■ WORK REQUIRED
Every record that follows should be copied exactly. No picture belongs in the copy.

■ Stored items from a collection
Segment Open

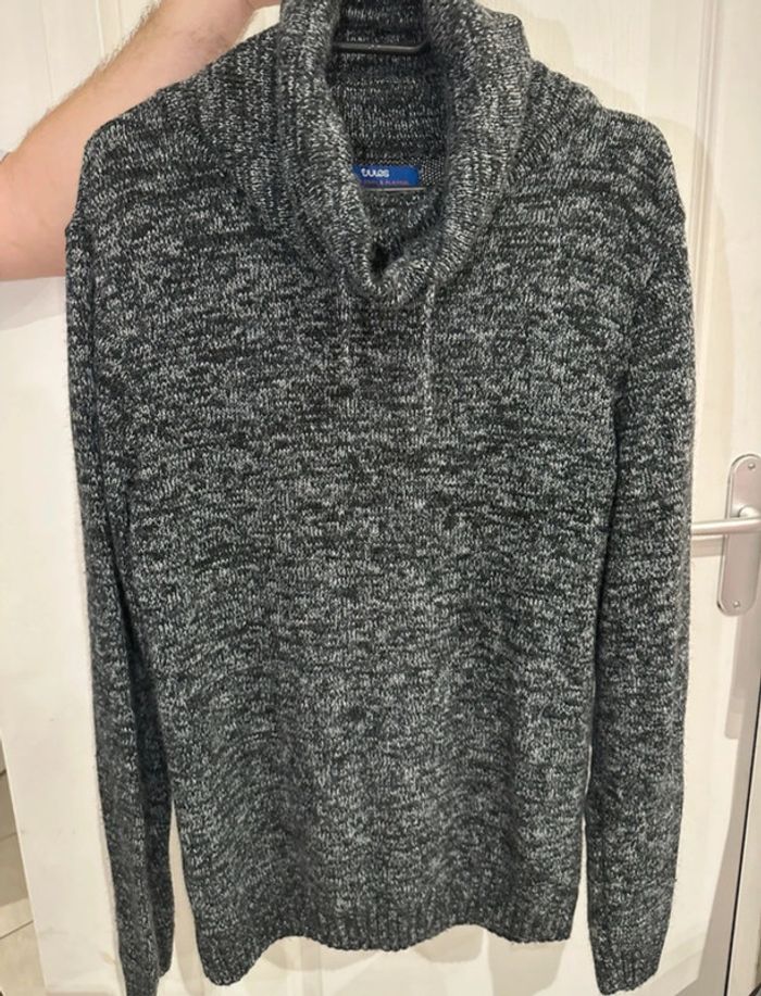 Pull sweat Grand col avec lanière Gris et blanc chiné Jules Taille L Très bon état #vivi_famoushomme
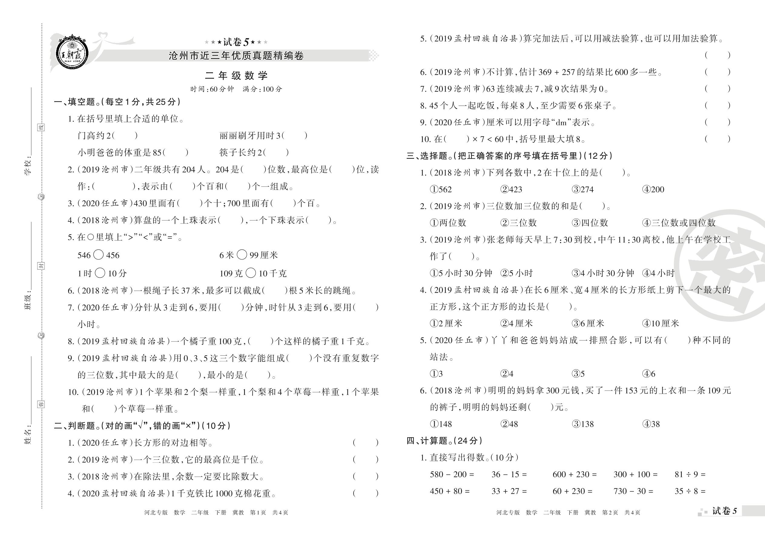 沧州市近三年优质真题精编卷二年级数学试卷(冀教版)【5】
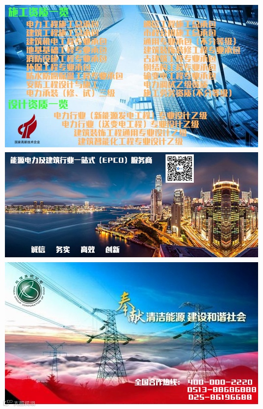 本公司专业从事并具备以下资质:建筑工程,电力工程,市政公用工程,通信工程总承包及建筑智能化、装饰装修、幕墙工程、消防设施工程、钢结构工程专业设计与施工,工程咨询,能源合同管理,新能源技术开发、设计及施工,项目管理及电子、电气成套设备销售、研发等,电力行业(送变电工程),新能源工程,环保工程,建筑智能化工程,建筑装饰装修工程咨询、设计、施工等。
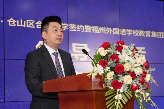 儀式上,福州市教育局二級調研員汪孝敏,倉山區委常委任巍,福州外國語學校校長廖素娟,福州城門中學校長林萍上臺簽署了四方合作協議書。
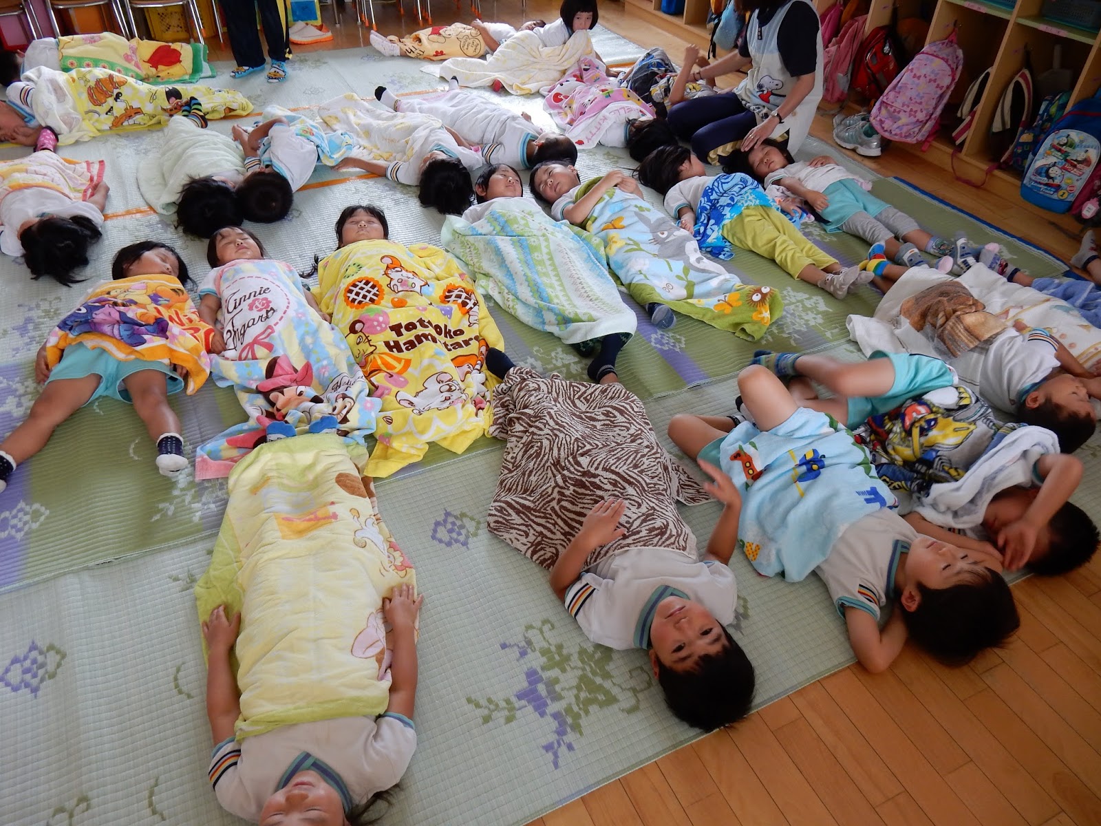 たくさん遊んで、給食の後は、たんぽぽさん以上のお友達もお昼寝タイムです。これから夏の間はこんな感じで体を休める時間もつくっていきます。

Segment Closed

■ RESPONSE TO THE TASK
 Pull sweat Grand col avec lanière Gris et blanc chiné Jules Taille L Très bon état #vivi_famoushomme
 沧州市近三年优质真题精编卷二年级数学试卷(冀教版)【5】
 本公司专业从事并具备以下资质:建筑工程,电力工程,市政公用工程,通信工程总承包及建筑智能化、装饰装修、幕墙工程、消防设施工程、钢结构工程专业设计与施工,工程咨询,能源合同管理,新能源技术开发、设计及施工,项目管理及电子、电气成套设备销售、研发等,电力行业(送变电工程),新能源工程,环保工程,建筑智能化工程,建筑装饰装修工程咨询、设计、施工等。
 儀式上,福州市教育局二級調研員汪孝敏,倉山區委常委任巍,福州外國語學校校長廖素娟,福州城門中學校長林萍上臺簽署了四方合作協議書。
 たくさん遊んで、給食の後は、たんぽぽさん以上のお友達もお昼寝タイムです。これから夏の間はこんな感じで体を休める時間もつくっていきます。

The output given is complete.